For Evan Edwards ’09, who last year shared a suite with a STEP coordinator, the story was somewhat different.

“I remember starting out and not really knowing much about sustainability,” Edwards said. “But after a while, it wasn’t hard to realize where I could make certain small changes. I never left the light on when I was out of the room, and we switched to fluorescent bulbs and unplugged our appliances over the breaks. The changes became permanent, sooner or later.”

Kevin Currey ’09 said he thought that most sustainable choices are common sense, and that most students require only a small nudge to put them into effect.

“I think most people already know what they should be doing, but STEP helps to remind them,” he said. “STEP is a great initiative because instead of just being the administration, it’s actually led by Yale students.”

STEP’s campaign draws momentum from the fact that most students, when asked, say that they have always been aware with environmental needs. Sherman Wang ’07, co-director of Yale’s Freshman Outdoor Orientation Trips, said that he was already concerned with sustainability when he first arrived at Yale, in large part because of his California background.
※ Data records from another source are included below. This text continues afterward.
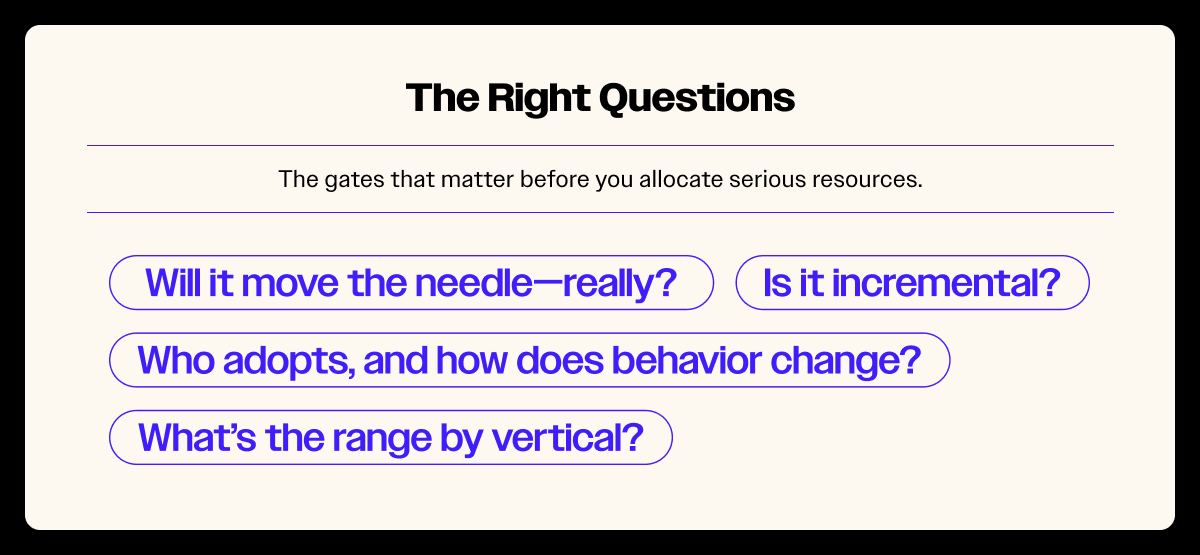 - Will this move the needle in absolute dollars at our scale?
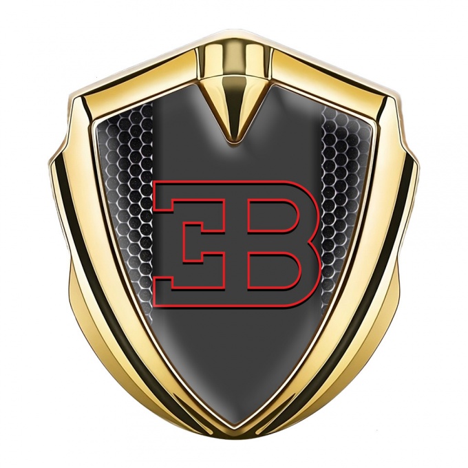 Bugatti Fender Emblem Badge Gold Dark Mesh Red Outline Edition
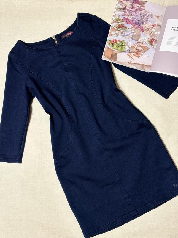 Стильное коттоновое платье Tom Tailor,темно-синего цвета.Застегивается на молнию, по спинке, что придает ему особую нотку кокетства👌Рукавчик 3/4.Ткань стрейчевают, за счет чего,хорошо корректируется фигурка☝️Размер указан L, подойде и на М,ориентируйтесь на замеры.Длина 84 см,обх/грудей 88 см шестнадцатинально не забывайте,ткань тянется🙌atch, длина/перчатка 47 см. Классно смотрится и с классической обувью и кожаными кедами, кроссовочками👌👗Стан идеален, как новая!
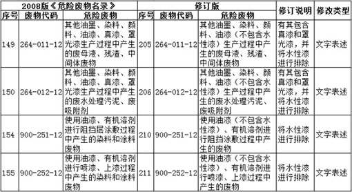 而在這部未出臺的《名錄》,新聞報道提到,經過中國涂料工業協會多次與相關國家部委反應呢的情況,根據收到的國家工信部節能司“關于征求《國家危險廢物名錄(修訂)》(報批稿)意見的函”,在最近新修訂的《國家危險廢物名錄(修訂)》(報批稿)中,將涂料生產和使用環節產生危險廢物的條目中加入“不包括水性漆”的括號注釋,即水性涂料生產和使用過程中產生的廢物將不被列為危險廢物。其具體項請看:
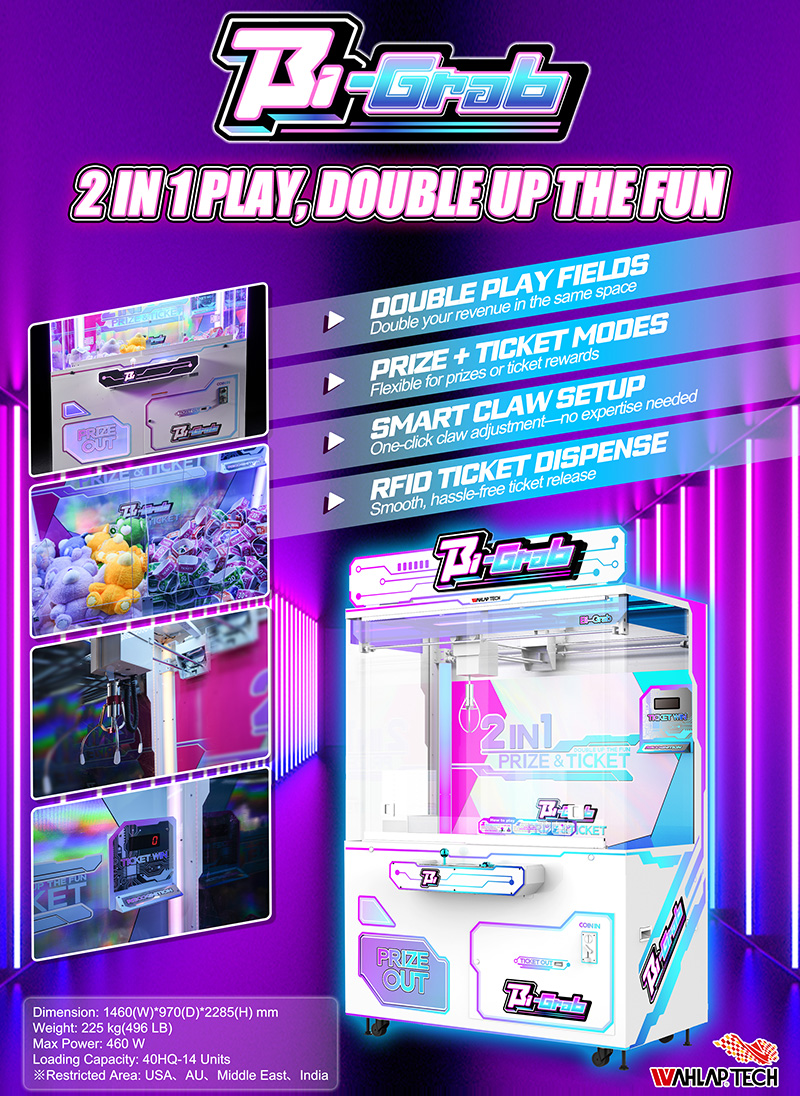 The Bi-Grab is a high-earning claw arcade machine where double play fields double your revenue. Its bright cabinet draws large attention in any venue, outperforming standard claw machine arcade games by maximizing footprint efficiency as a versatile arcade machine.
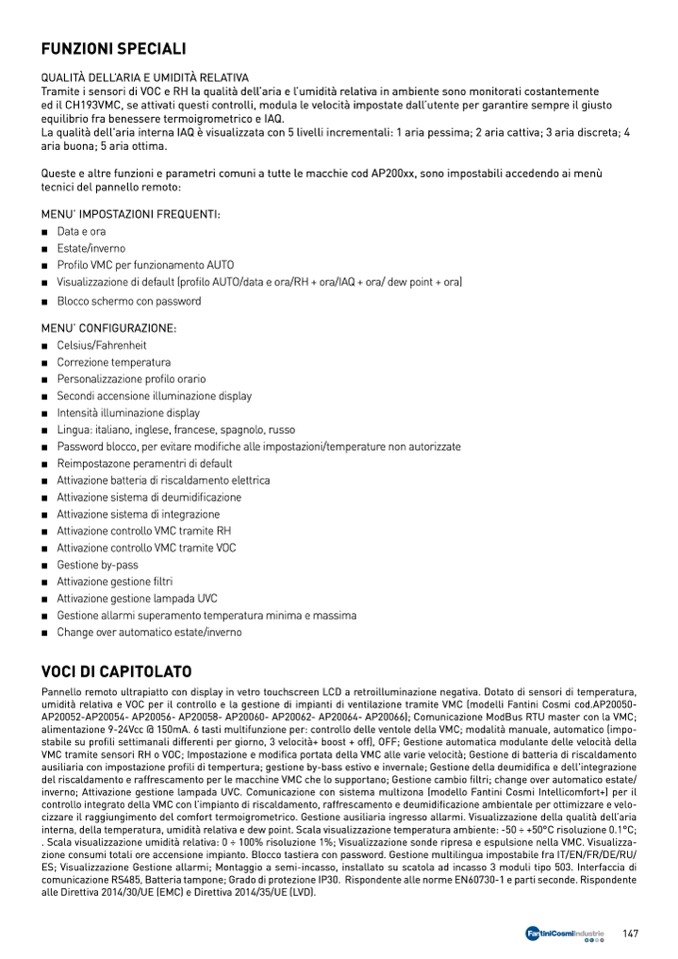 VMC tramite sensori RH o VOC; Impostazione e modifica portata della VMC alle varie velocità; Gestione di batteria di riscaldamento
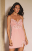 O liganete cria uma base fluida e confortável, enquanto a renda floral, trabalhada com filamentos prateados, ilumina delicadamente os contornos do desenho. O busto foi cuidadosamente modelado para um encaixe perfeito entre tecido e renda, oferecendo sustentação suave e realce elegante. Na parte frontal, a renda aplicada em formato descendente alonga a silhueta, conduzindo o olhar até o centro, onde um pingente de cristal adiciona um toque de luz. A fenda sutil na frente, finalizada com renda, garante sensualidade na medida certa. Nas costas, o decote profundo em efeito trançado combina ousadia e sofisticação, completando o design com impacto refinado.
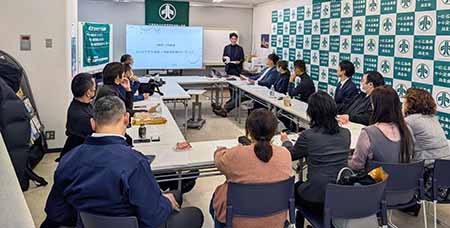 12月例会は、現地区会長の坂本氏と次期地区会長の原田氏による指針検討ミーティングが開催されました。坂本氏は「会員一人ひとりの声を次期会長へ届けたい」との思いから、3つの目的の一つ『よい会社をつくろう』に焦点を当てた場となりました。それに応える形で原田氏からは、現在の同友会への率直な疑問と、次期に向けた熱いビジョンが語られました。
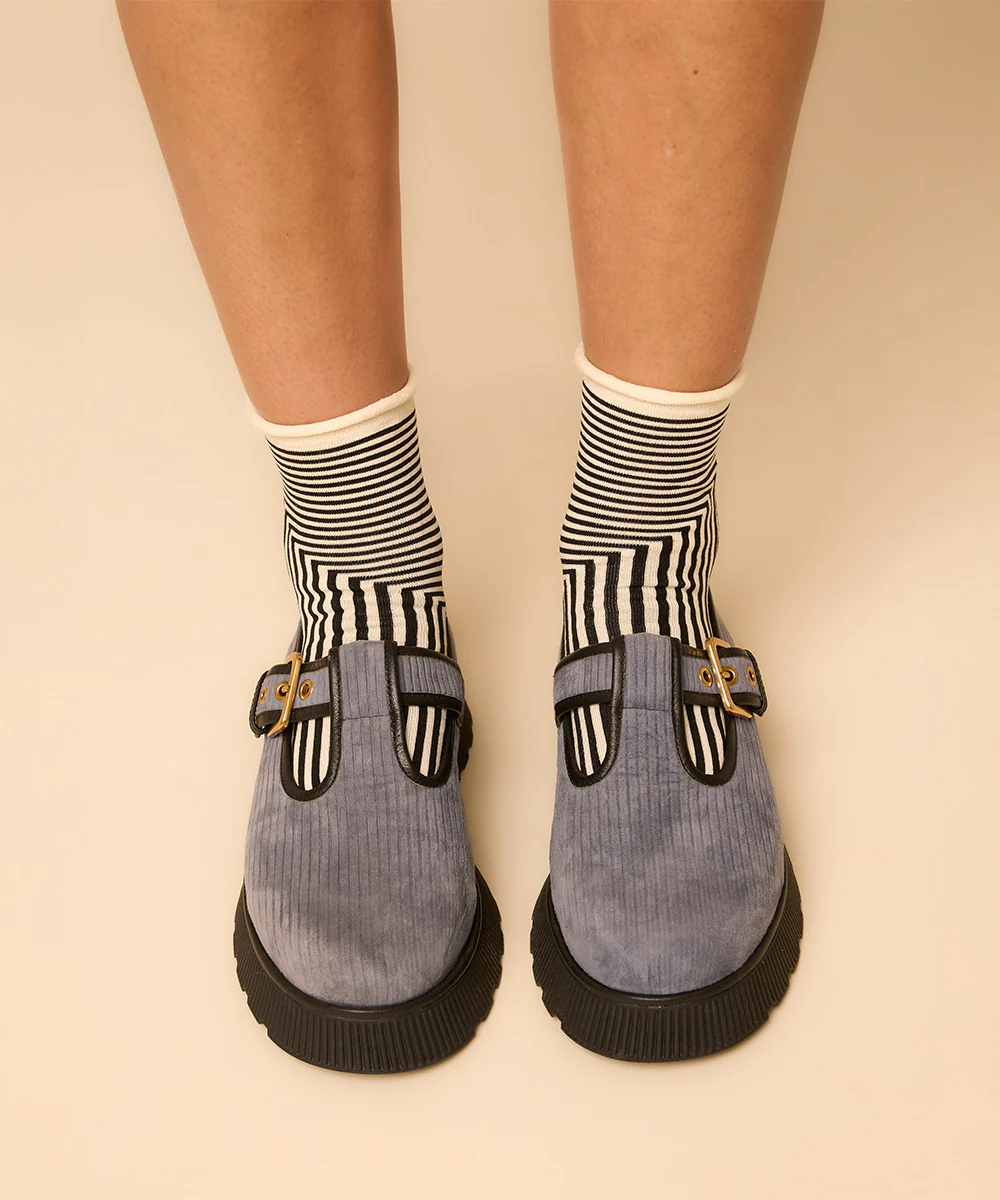 Hansel from Basel roll cuff socks made of mercerized cotton featuring graphic design inspired by the Swiss-French architect Le Corbusier.

“I wasn’t a tree-hugger or anything, but I came from a part of the country where the environment was definitely a big concern for a lot of people,” Wang said. “I think that one sign of STEP’s success over the past couple years is that such a high percentage of students know about the issues and are at least open to making a change to their lives.”

Students like the ones Wang describes are the kind of demographic that STEP is hoping to influence, Shyy said.

“We’re trying to sway the middle of the spectrum,” she said. “You’ll always have this top tier of individuals who are responsive to new initiatives and will change willingly if you keep them informed. And then there are just some people who hate the environment, for whatever reason, or who are too stubborn or lazy to change their ways. Our goal is to reach the majority of the people who are in between.”

Shyy said that in order to maximize sustainability’s appeal, coordinators are careful to draw a distinction between STEP and radical environmentalist caricatures that might persist in a student’s mind.

“Environmentalism is definitely an easy target, and for some people the notion of ‘green’ has always had a stigma attached to it,” Shyy said. “We try to emphasize that STEP is not a radical activist group.”

Gasner said she has found that the best approach is to take the middle road of common sense, eschewing ideology and avoiding possibly politicized language.

“I usually don’t like to pull the global warming phrase out of the bag, just because it can force some people to tune out altogether. I usually say that this is just a responsible lifestyle to have for the years to come, so why not start now?”